The Jarvis bike lanes will be removed by 2012 and the now much disputed stretch of road will be converted back into a five-lane thoroughfare with an alternating centre lane.

Today council voted 28-9 to approve the Bikeway Report, which included the elimination of the Jarvis bike lanes and the construction of a separated bike lane network downtown. Some councillors abstained from the vote because they didn’t want to vote for the whole report together.

Councillor Kristyn Wong-Tam, who represents the ward that includes the lane, was one of the councillors who walked out of the chamber. Her name was on the amendment that’s given Jarvis a reprieve—the lane will remain until the Sherbourne dedicated bike lane has been built—but it was changed by Councillor Denzil Minnan-Wong’s motion to bring back Jarvis’ fifth, reversible, rush hour lane.

“I realize now eight months on to the job that you have to be very careful of slippery eleventh hour motions, that this is a place that allows this type of trickery and that you can’t necessarily take people at their face value,” she said.

This is the second time that a last-minute motion has been moved regarding Jarvis; the first was at the Public Works and Infrastructure Committee where the bike lanes were designated for removal. Minnan-Wong said Wong-Tam should’ve have anticipated these motions.

“If Kristyn Wong-Tam really wanted to do her homework, she would have talked to the committee beforehand if they were willing to move motions. That’s the way it works,” he said. “She must have been living in a cave if she didn’t think it was going to come up.”

Wong-Tam said her conversations with Minnan-Wong did not indicate that the fifth lane was on the table, but he said removing the bike lane implied the return to the old street configuration.

“Those are not the conversations that Councillor Minnan-Wong and I had,” Wong-Tam said. “I told him that I had every intention of implementing the Jarvis Streetscape Improvement Plan.”

She said today’s vote unravels the work she’s been doing connecting Jarvis to other downtown neighbourhoods and building relationships with area businesses—like Rogers Communications. Instead it gives her community an unwanted urban highway.

“Nobody in the community has talked about the reinstallation of the fifth lane,” she said. “They talked about better traffic coordination, they’ve talked about beautifying the streets, they’ve talked about repositioning Jarvis as a cultural corridor.”

Councillor Minnan-Wong continued to sing the praises of the Bikeway Report and said he would fight to keep the $43 million allocated for the Mayor’s Bike Plan away from budget cuts—even though the Core Services Review targeted bike infrastructure. Approval of the Bikeway Report does include some positives for cyclists.

“What I believe is that we’ve taken a positive step forward for cyclists and we’re going to improve safety in the city,” he said.

On the cost of the removing Jarvis and the two lanes in Scarborough, which some have pegged at more than $400,000, he said it’s an investment in citywide infrastructure.

“We’re putting a separated bike lane on Sherbourne and we’re taking out Jarvis.

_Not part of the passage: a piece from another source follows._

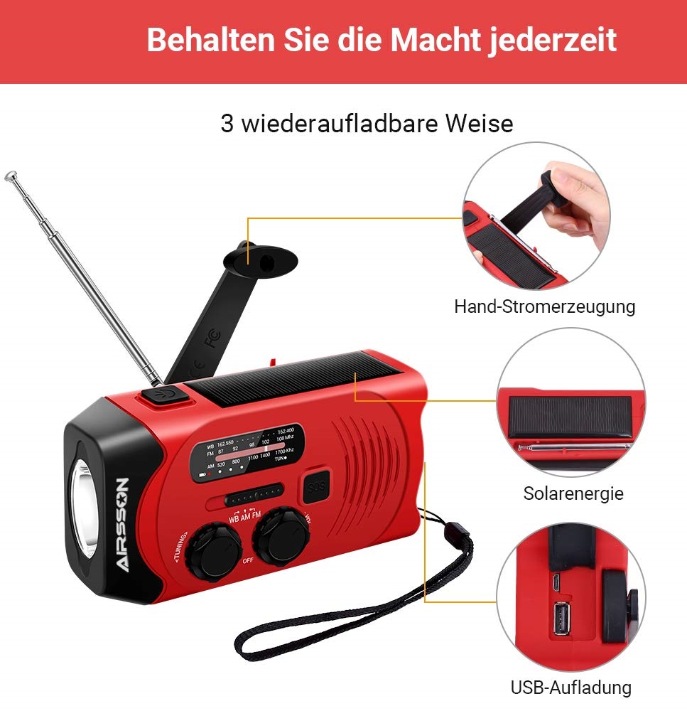 MEHR ALS NUR EIN RADIO:Solar Kurbel Radio mit AM/FM & NOAA Wetter Radio,LED Taschenlampe,2000mAh Power bank, Notfall SOS Alarm für Wandern,Camping,Ourdoor,Notfall. AM/FM & NOAA Wetter Radio und SOS Alarm: Bringen Sie sich auf dem neusten Stand von Wetter- und Gefahrenmeldungen in ihrer Umgebung und senden Sie Notfallsignale. 2000mAh POWER BANK:Versorgt in Notsituationen jedes mobile Gerät mit Notstrom. Funktioniert mit den meisten USB-Geräten. LED TASCHENLAMPE: Sorgt für helles Licht, um Sie aus der Dunkelheit fernzuhalten. IMMER AN DER MACHT:Das Radio verfügt über 3 wiederaufladbare Methoden:Solarbetrieben,Handkurbel angetrieben,und USB-Kabel betrieben.Viel Spaß jederzeit und überall.
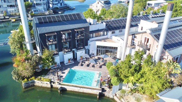 While the power-station heritage provides plenty of novelty, the showstopper is the infinity pool. Set on a wooden deck and shaded by deep-blue umbrellas, it looks out across the canals and waterfront homes, making it an ideal spot to linger. Dining is split between two on-site restaurants: the Island Café and the more casual Gastro Pub, which overlooks Thesen Island and serves local craft beers alongside a cheerful, approachable menu. The prawn and seafood curry is particularly popular, as are the cocktails, mocktails and much-loved cheesecake.

It’s a decision of council where we are addressing gridlock and I think that’s a proper investment.”

Wong-Tam says the decision may have little effect on Jarvis traffic and serious impact on safety.

“Cyclists will still be there, they will just no longer be safe.”

For the Toronto Cyclists Union, the refrain was something along the lines of “Jarvis is dead! Long live Jarvis!” Director of Advocacy Andrea Garcia told the press that today’s vote is just the beginning, even with the installation signalling lights for the fifth lane set to go ahead.

“It’s been delayed for a year, now that gives us a year to organize around it and get even better data, and show that the street really is working,” she said.

“The Ford administration doesn’t have any problem with wasteful spending removing infrastructure. I’m not concerned about them putting the lights in and deciding not to remove the bike lanes later on.”